Belfast Telegraph
By Brian Rowan
24 April 2006
In the background of the latest infighting within the UDA, Johnny Adair has once more raised his head and his voice.
The exiled loyalist is clearly enjoying the mess the terror group currently finds itself in, and he is talking of returning to Northern Ireland.
It may be nothing more than talk.
The last time he was here, he had to run for his life, and there is nothing to suggest that the next time - if there is a next time - would be any different.
Within the UDA there are still those who want to see Adair dead, who “will not settle until he’s six foot under”, to quote one source.

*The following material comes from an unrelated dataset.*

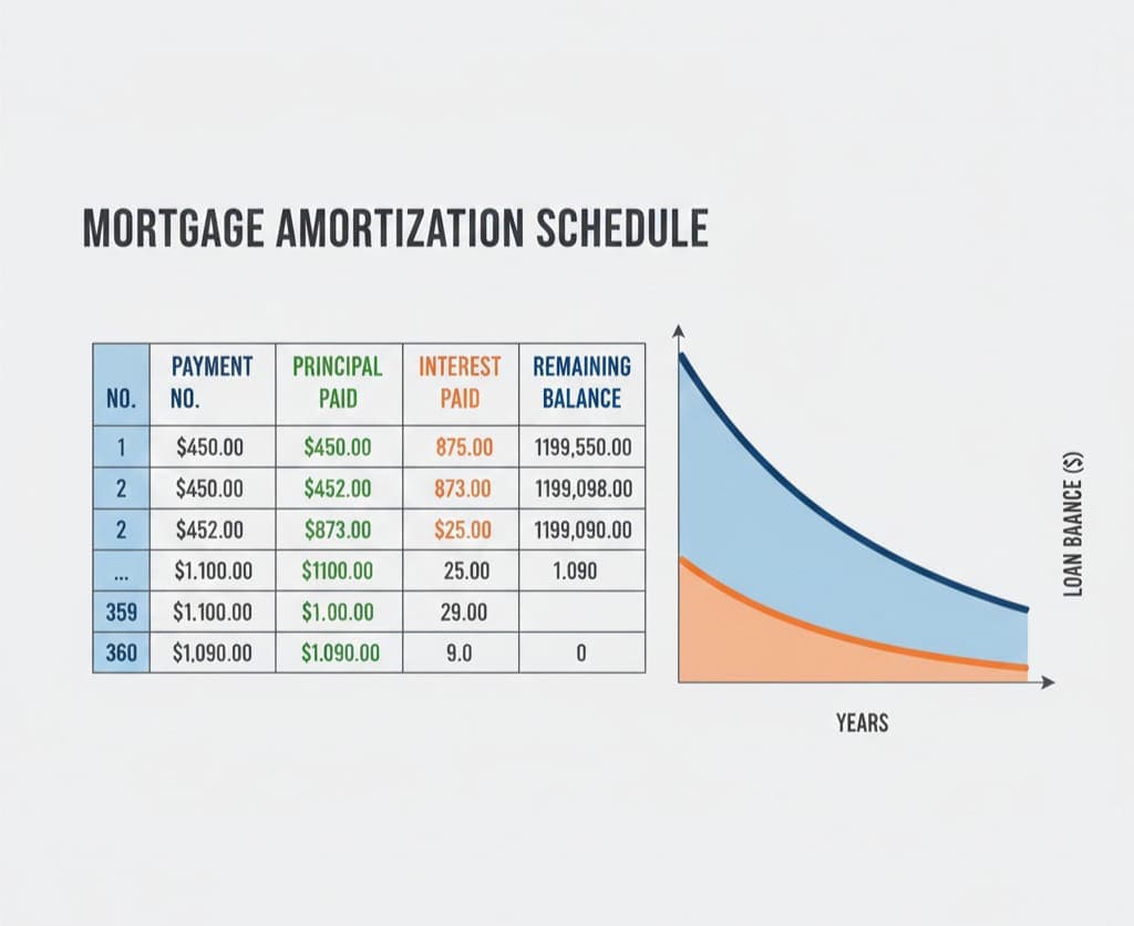 An amortization schedule shows how your mortgage is repaid over time. Each payment reduces the loan balance (principal) and pays interest. Early payments are mostly interest, while later payments contribute more to principal.

Adair would be foolish to believe that as the UDA wrestles with the Shoukri problem, that his past has been forgotten.
It has not.
Indeed, he is blamed for helping to elevate the Shoukri brothers into leadership positions within the UDA - the very positions that others are now trying to remove them from.
As that manoeuvring continues inside the UDA, a clearer picture of the internal wrangling is now emerging - a picture which shows that the Shoukris are becoming increasingly isolated.
Andre Shoukri - currently on remand - held the title “brigadier” within the UDA and sat on the so-called Inner Council.
Ihab Shoukri - currently on bail - replaced his brother as UDA leader in north Belfast. He took over as brigadier and took his seat - one of six - at the paramilitary top table.
But four of those who sit at that table - Jackie McDonald (south Belfast), Matt Kincaid (west Belfast), Billy McFarland (north Antrim/Londonderry) and the organisation’s leader in east Belfast - no longer want to share it with a Shoukri, and will no longer meet as an Inner Council in the company of the brothers.
What is less certain is the position of the UDA in south-east Antrim.
It is not yet clear whether its brigadier will side with the Shoukris or with the rest of the paramilitary leadership.
The brigadier and Tommy Kirkham, a senior figure in the closely associated Ulster Political Research Group, will be the key voices in determining the direction taken by the UDA in this area.
“The south-east Antrim situation is not resolved,” a senior paramilitary source said.
“We are trying to give everybody a chance to make up their own minds. If you try to go too quick you could wreck the thing.”
So the UDA leadership is not going to push this situation to a conclusion just yet.
Its preference would be to have the organisation in south-east Antrim onboard, to have Shoukri outnumbered five to one at the level of the Inner Council, and then for the membership in north Belfast to remove its current leadership.
The Inner Council will support it in that position.
“People are going to have to help them - people outside the organisation and people inside the organisation,” a senior paramilitary source told the Belfast Telegraph.
“With the exception of a few individuals in north Belfast, the door has been closed to nobody. It’s the same situation we have been in before. Individuals in other areas were replaced. It can be done,” the source added.
As the UDA leadership moves to take its organisation back into the peace process, it has arrived at another crucial moment in its history.
Once again, its authority is being challenged - not by White and Adair this time but by the Shoukris, who like the men exiled from the Shankill have grown rich inside the paramilitary world.
“We have been through worse situations and come out the other end,” one leadership source remarked, expressing a confidence that the Shoukris will not win this latest battle inside the UDA.
Certainly, the numbers appear stacked against them, and as this situation develops, the Shoukris will make more and more enemies.
That is the way of the loyalist world in which they live.
The Shankill leadership of Kincaid, Jim Spence and Eric McKee will be critical in this situation.
When it made its mind up in 2003, Adair and White were finished inside the UDA, and for the Shoukris, the same outcome now appears inevitable.
But all of this is slowing down the loyalist march back in the direction of the peace process.
We know, from a recent interview for this newspaper, that another of the loyalist organisations - the UVF - will delay an announcement on its future until after the November 24 deadline for a political deal here.
And the UDA is going nowhere until the Shoukri situation is resolved.
The road back to peace is proving a difficult one to travel. At the end of it, the Shoukris will no longer be part of the paramilitary leadership.
It seems there are just two things still to be decided - how and when they will be removed.